Клеман Грендель вернулся в Париж и предпочел бы видеть сына и сноху дома, но Гала легко убедила всех, что Полю куда полезней пить парное молоко и дышать свежим воздухом, а не кашлять в полутьме квартиры на улице Ордене.
Когда отпуск подходил к концу, Гала тайно написала мадам Гренель, что постарается снова уложить мужа на больничную койку, это куда лучше, чем сырая земля.
Так и произошло, едва успев появиться в полку, Эжен Грендель снова слег.
Бесконечные госпитали привели к переводу во вспомогательную службу, как совсем недавно Клеман Грендель, Поль теперь учитывал военные мучные запасы. Помог ли в таком определении сына в тылу сам Грендель, неизвестно, но вполне вероятно.
Гала была благодарна свекру за такую заботу, потому что наступило счастливое время. Она перебралась в Лион к мужу и делала все, чтобы его быт вне службы был максимально удобным.
Где-то далеко в России царь отрекся от престола, бушевали революционные страсти, армия разваливалась, как разваливалось все остальное. Мама все же изыскивала возможность присылать Гале пятьдесят франков в месяц на жизнь. Еще семьдесят пять добавляли Грендели. Когда Гала переехала в Лион, пришлось выделять больше, хотя бизнес Клемана Гренделя терпел убытки, война не лучшее время, чтобы выгодно заниматься перепродажей земли.
Революция на Родине, война в Европе… А они каждый вечер вдвоем в небольшой комнатке на бульваре Либерте читали друг другу стихи и мечтали о будущем – обязательно светлом и счастливом, а каком именно, неважно.
– Лишь бы ты был здоров, любимый.
Это стало единственной заботой Галы, она не уставала повторять Полю, как делала и раньше: я – это ты, ты отвечаешь за двоих, ведь без тебя меня тоже не будет.

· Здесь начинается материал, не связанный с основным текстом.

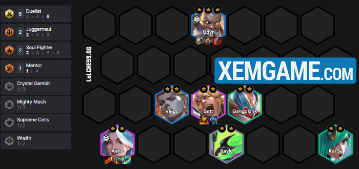 Với nhiều buff như vậy thì chúng đủ mạnh để khiến đội hình này quay trở lại meta, và tất nhiên chúng ta sẽ chọn lựa lối chơi quen thuộc slowroll ở 7 để Udyr 3 sao và có thêm vài tướng phụ trợ nữa (kiểu Viego hay Gangplank/Kaisa) rồi lên 8 bổ sung thêm Ashe kết thúc game đấu.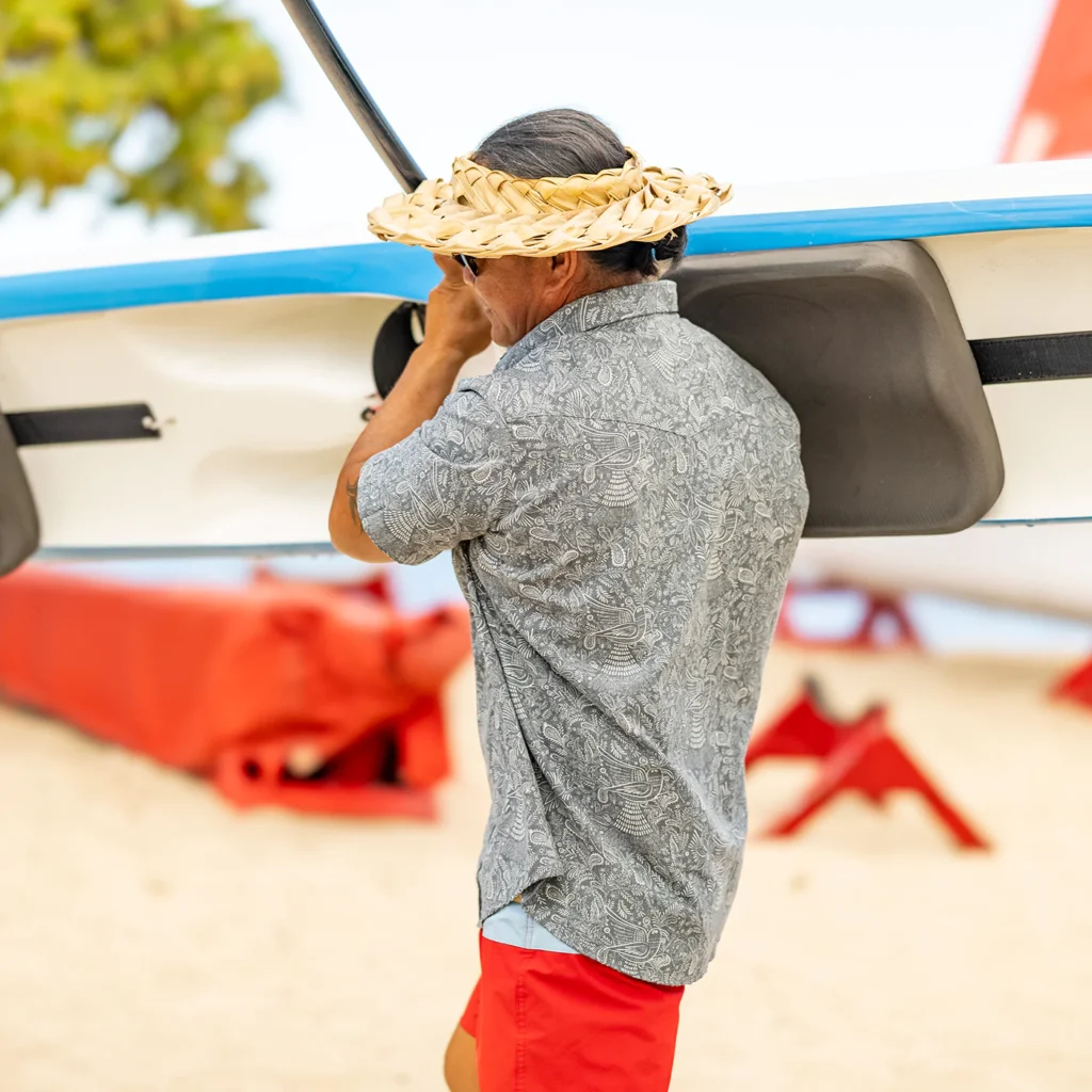 Western Aloha honours legendary textile designer John “Keoni” Meigs in this edition of Western Aloha’s vintage collection. Printed on a 4-way-stretch performance fabric that is lightweight and moisture-wicking.

Беременность Галы не примирила ее с родителями Поля, Клеман Грендель так и остался убежденным противником брака своего сына с «этой русской» до окончания войны и обустройства Эжена в жизни. Рождение ребенка означало, что содержать теперь придется троих, ведь Эжен хоть и служил в армии, но на фронте не был и жил практически на средства папаши.
Гала вовсе не мечтала о ребенке, но решила, что надо родить сына и обязательно назвать его Пьером. Поль мечтал о дочери, которую назовут нежным именем Сесиль.
Клеман и Жанна-Мария Грендели не мечтали ни о чем, кроме как об окончании проклятой войны.
В ноябре Клеман Грендель вернулся домой возбужденный. Поскольку хороших новостей с фронта ждать не стоило, женщины перепугались. Грендель бросил на стол газету со словами:
– В твоей России революция!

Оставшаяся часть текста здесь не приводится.